While the direct effects of the outbreak on EVD mortality have been estimated in official figures, little is known about the outbreak's indirect effects on non-EVD health outcomes or health-seeking behaviour. Although previous research suggests the indirect effects of EVD are likely substantial,2 these studies have predominantly relied on extrapolation from pre-existing data on health-seeking behaviour to estimate potential health impacts. Many of these predictions are quite dire, but their severity depends on the validity of the underlying assumptions about reduced health service utilisation. Moreover, few of these studies allow for behavioural change during the outbreak, which can also influence patterns of demand of health services.
The outbreak had a devastating effect on affected countries. During its peak, most employers, government institutions, non-governmental organisations (NGOs) and international corporations ceased operations, causing widespread unemployment and increased food insecurity.3 Incidents of civil unrest flared throughout the region, and states of emergency further limited economic activity. In Liberia, the government declared a state of emergency that was in effect from early August through mid-November, closed schools, imposed a curfew and limited public gatherings. Household quarantines were common, and citizens were encouraged to stay home and prevent the entry of strangers into their community.

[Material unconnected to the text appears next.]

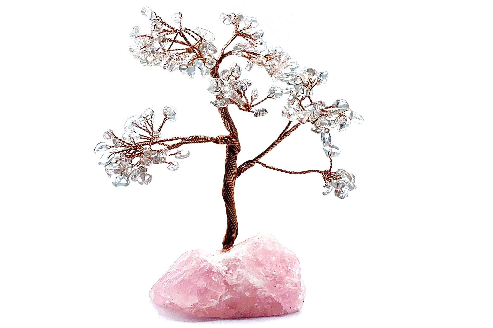Reiki Energy Charged Crystal Tree Of Life With Clear Quartz Crystals On A Solid Rose Quartz Base

Theoretically, the outbreak may have indirectly affected non-EVD health outcomes through several channels, the most obvious of which is the massive disruption to health systems in affected countries (we refer to this set of factors as ‘supply-side’ factors). By the end of March 2015, roughly 3–4% of the health workforce in select health professional categories had become infected, and at least two-thirds of those had died.4 As much as 8% of Liberia's stock of doctors, nurses and midwives may have been lost to the disease.5 The outbreak disrupted the delivery of non-EVD health services, including routine immunisation,6 maternal and child health programmes,7 ,8 malaria control9 and HIV treatment services.10 As a result, it has been estimated that maternal mortality may have doubled, and child mortality rates may have risen by 20% in Liberia.5 During the peak of the outbreak, many health facilities were closed due to the lack of staff, many of whom stayed home due to fear of contracting the disease.11 However, some of the health system changes may have had positive effects: efforts to promote handwashing and a reduction in contact between individuals may have contributed to a lower incidence of diarrheal or other infectious diseases.

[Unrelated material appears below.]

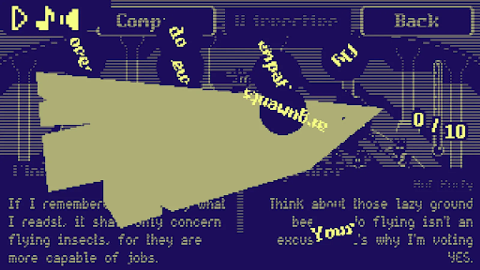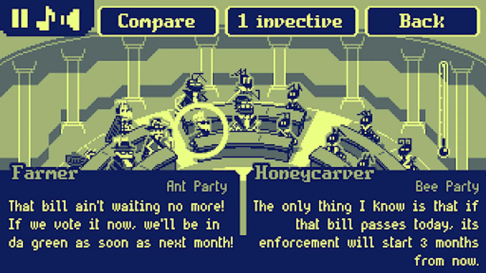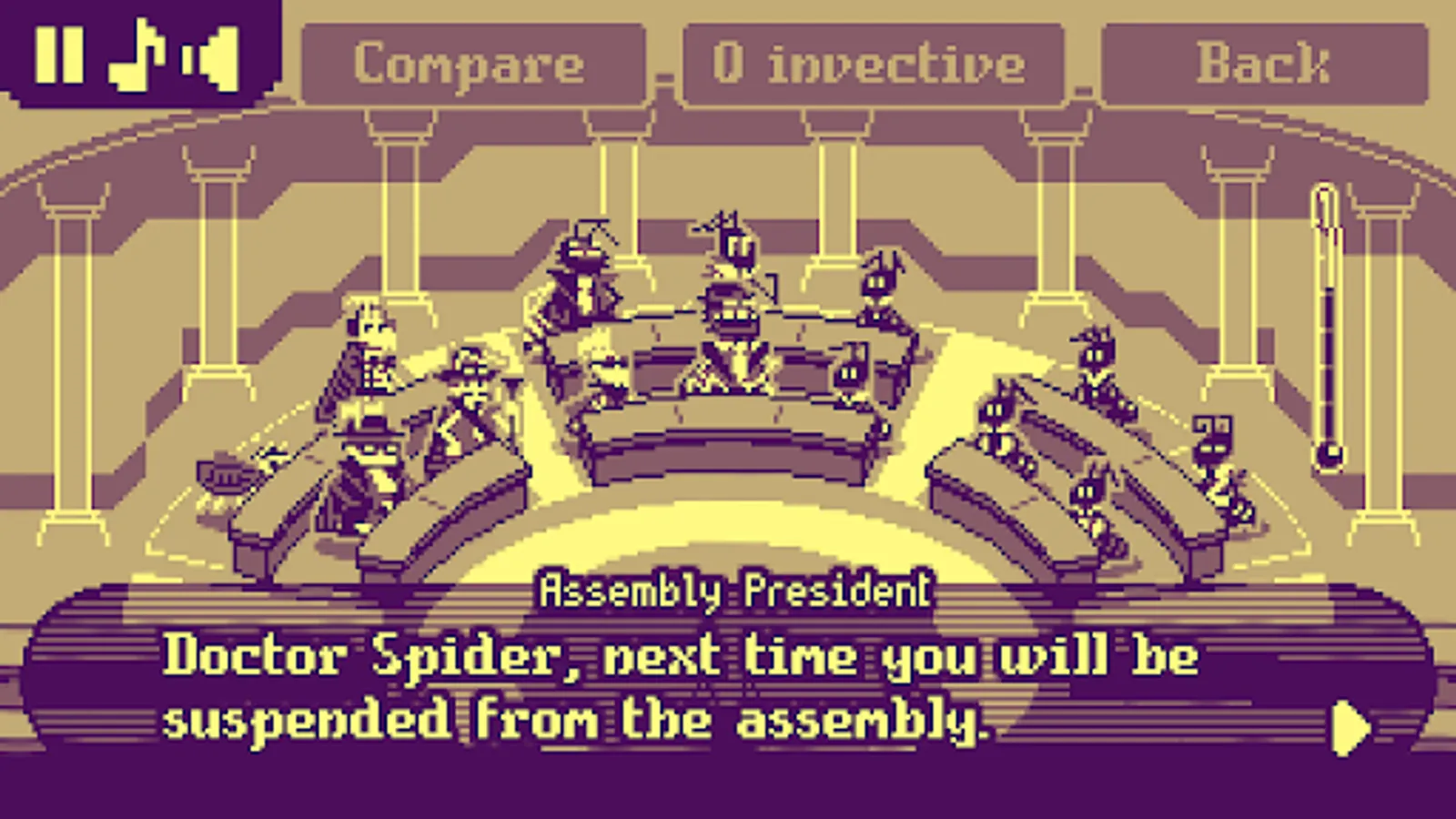 In Uproar, play as Dr. Spider, the substitute of Lord Hermit, as he enters the National Assembly of Insects. From nonchalant grasshoppers to neoliberal ants, your deliberations will not be easy.

Beyond its effect on health systems, Ebola may have affected demand-side factors that influence health-seeking behaviour. The crisis brought risk and uncertainty to affected communities, particularly during the peak of the epidemic.12 Rumours that Ebola was a government conspiracy were common in all three of the highly affected countries.13 As a result, sick people may have stayed home because they lacked trust in public services or feared contracting the virus. Indeed, trust has been associated with usage of health services in Liberia and other contexts.14 Direct exposure to the outbreak—such as knowing Ebola victims, witnessing dead bodies or other traumatic experiences—may have further increased fear and distrust.

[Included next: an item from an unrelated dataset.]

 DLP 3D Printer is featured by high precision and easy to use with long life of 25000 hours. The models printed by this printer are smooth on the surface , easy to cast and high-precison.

The response of governments, NGOs and communities may also have affected demand for health services. In the case of Liberia, the Ministry of Health and Social Welfare and international NGOs (INGOs) conducted community outreach to build trust and increase compliance with prevention policies.11 These efforts commonly involved door-to-door canvassing by government-sponsored or NGO-sponsored workers to educate residents about proper preventative techniques and inform residents about the response efforts by government and NGOs. These activities could have increased demand for health services if they served to dispel rumours, build trust in authority or reduce fear.15
Understanding the outbreak's non-EVD health impacts—and the pathways by which they occur—is essential for rebuilding the health system in Ebola-affected countries and for improving the response to future health crises.16 Using panel household survey data collected in the late-crisis and postcrisis periods in Monrovia, Liberia, this paper documents trends in the prevalence of reported illness and subsequent health-seeking behaviour. It also documents the determinants of health service utilisation during the late-crisis and postcrisis periods.
Data are from a face-to-face household survey conducted in Monrovia, Liberia, from 6 December 2014 to 7 January 2015, as well as two follow-up cellphone surveys conducted from 16 March 2015 to 3 April 2015 and 10 June 2015 to 7 July 2015. All surveys were conducted by Parley, a Liberian NGO, in collaboration with the authors. We refer to December 2014 as the ‘late-crisis’ period, which was about 2 months after the peak of the outbreak still affected by active transmission and the epidemic's economic and social impacts. We refer to March and June as the ‘postcrisis’ periods. See the online supplementary appendix for a more detailed discussion of the dynamics of the outbreak in Liberia.
The sampling design is summarised in figure 1. The selection of survey respondents for the December survey followed a three-stage sampling procedure. In the first stage, 77 enumeration areas (EAs) were randomly selected from all of Monrovia's 15 administrative wards in proportion to their population size, as enumerated in the 2008 census. In the second stage, roughly 20 households were randomly selected within each EA following a random walk procedure. Following an introduction, a single adult respondent was randomly selected for the survey in the selected household, resulting in a study population of 1572. Surveys were conducted on the spot or scheduled for within 48 h. If the selected respondent was not available within 48 h, the household was replaced.
Enumerators conducted surveys in person using handheld electronic devices. The response rate was 95%. Extensive precautions were taken to ensure the enumerators' safety, which are outlined in the online supplementary appendix. The survey covered knowledge of Ebola symptoms and transmission pathways, uptake of prevention practices, Ebola victims among friends, families and neighbours, health outcomes, food security, economic outcomes, political attitudes and social outcomes. The surveys lasted 50 min on average.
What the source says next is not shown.